Modern Fay Function of the Notary
After a long period of decline during the nineteenth century, the late twentieth century has seen a resurgence in a requirement for the notary's services.
1. Oaths, Affidavits and Affirmations – One of the traditional functions of the Notary Public in Scotland which remains today is the acting where the legal validity of a document requires the administration of an Oath or the receipt of an Affidavit or solemn Affirmation. Under the Solicitors (Scotland) Act 1980, in such cases the Oath may be administered or the Affidavit or Affirmation received by a Notary Public. Such Affidavit or Affirmation should not relate to any matter in respect of preservation of the peace; a prosecution; trial or punishment of an offence; or any proceedings before either House of Parliament or the Scottish Parliament or any Parliamentary Committee.

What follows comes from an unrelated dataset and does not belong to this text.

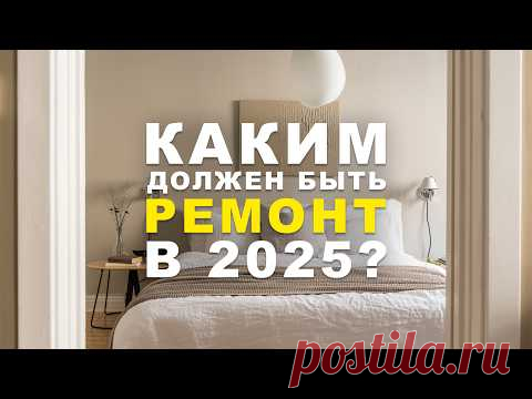 Изображение демонстрирует современную спальню с минималистичным дизайном. В центре кадра находится большая двуспальная кровать, застеленная белым постельным бельем и светло-коричневым пледом. В комнате присутствуют светло-бежевые стены, которые придают помещению уют и тепло. По бокам кровати расположены прикроватные тумбочки с настольными лампами, что добавляет симметрии и гармонии в обстановку. На переднем плане видно текст на русском языке: "КАКИМ ДОЛЖЕН БЫТЬ РЕМОНТ В 2025?", причем слово "РЕМОНТ" выделено желтым цветом, акцентируя внимание на главной тематике изображения. Отсутствие лишних деталей и нейтральная палитра создают атмосферу покоя и современности, сохраняя при этом функциональность пространства.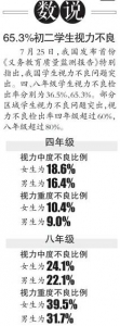 《義務教育質量(liang)監測報(bao)告(gao)(gao)》指出,學(xue)生(sheng)視(shi)(shi)力(li)不(bu)良問(wen)(wen)題(ti)突出,四年級(ji)、八年級(ji)學(xue)生(sheng)視(shi)(shi)力(li)不(bu)良檢(jian)出率(lv)(lv)(lv)分別為(wei)36.5%和(he)65.3%。實際(ji)上,不(bu)僅(jin)(jin)僅(jin)(jin)只有報(bao)告(gao)(gao)中(zhong)義務教育的(de)學(xue)生(sheng)存在視(shi)(shi)力(li)問(wen)(wen)題(ti),我(wo)國(guo)(guo)青少年視(shi)(shi)力(li)的(de)整體(ti)情況也十分不(bu)樂觀。根據世界衛生(sheng)組織的(de)最新(xin)研究報(bao)告(gao)(gao),目前(qian)中(zhong)國(guo)(guo)近(jin)視(shi)(shi)患者人數多達6億。其中(zhong)我(wo)國(guo)(guo)初高中(zhong)生(sheng)和(he)大學(xue)生(sheng)的(de)近(jin)視(shi)(shi)率(lv)(lv)(lv)均已超過七成。我(wo)國(guo)(guo)青少年近(jin)視(shi)(shi)率(lv)(lv)(lv)已高居世界第一(yi)(yi)。相比之下(xia),美國(guo)(guo)青少年的(de)近(jin)視(shi)(shi)率(lv)(lv)(lv)約為(wei)25%,澳大利亞僅(jin)(jin)為(wei)1.3%,德國(guo)(guo)的(de)近(jin)視(shi)(shi)率(lv)(lv)(lv)一(yi)(yi)直控制在15%以下(xia)。

2. Affidavits in Undefended Divorces – Following the Divorce (Scotland) Act 1976 it is no longer necessary to have parole evidence in undefined divorces. Instead, appropriate Affidavit evidence can be used. Such Affidavits or Affirmations are made before Notaries Public, which has increased the work undertaken by Notaries in recent years, as noted in the introduction.
3. Affidavits under the Abolition of Feudal Tenure etc. (Scotland) Act 2000 and the Title Conditions (Scotland) Act 2003 – Under these Acts there are various transitional provisions which require notices sworn before a Notary, including those relating to conversion and preservation of real burdens. These provisions have ended but notices of termination of real burdens under s20 of the 2003 Act must be sworn before a Notary.
4. Protests – where a protest is made in maritime matters, e.g. against poor wind and weather condition a sea captain on arrival in a port, this is done before a Notary Public. Some Notaries retain protocol books for this specific purpose. In addition, when a protest is required for bills of exchange or promissory notes, this is also done before a Notary.
5. Foreign Documents – Many documents for use in foreign jurisdictions require execution or certification before a Notary and Notaries are frequently consulted by clients requiring documents authenticated in such matters, e.g. in the winding up of estates or in Court actions abroad. Powers of Attorney for use abroad often require to be executed before a Notary to constitute their validity.
6. Notarial execution – Since 1540 Notaries have been empowered to sign documents on behalf of persons who are blind or unable to write. This has been a useful power frequently used by Notaries. Since 1st August 1995, the requirements and procedure involved have been simplified by the Requirements of Writing (Scotland) Act 1995.
7. Miscellaneous – Other less frequent functions can be noted including the entry of a person to overseas territories; completion of the documentation required for the registration of a company in certain foreign jurisdictions and drawing for repayment of Bonds of Debenture.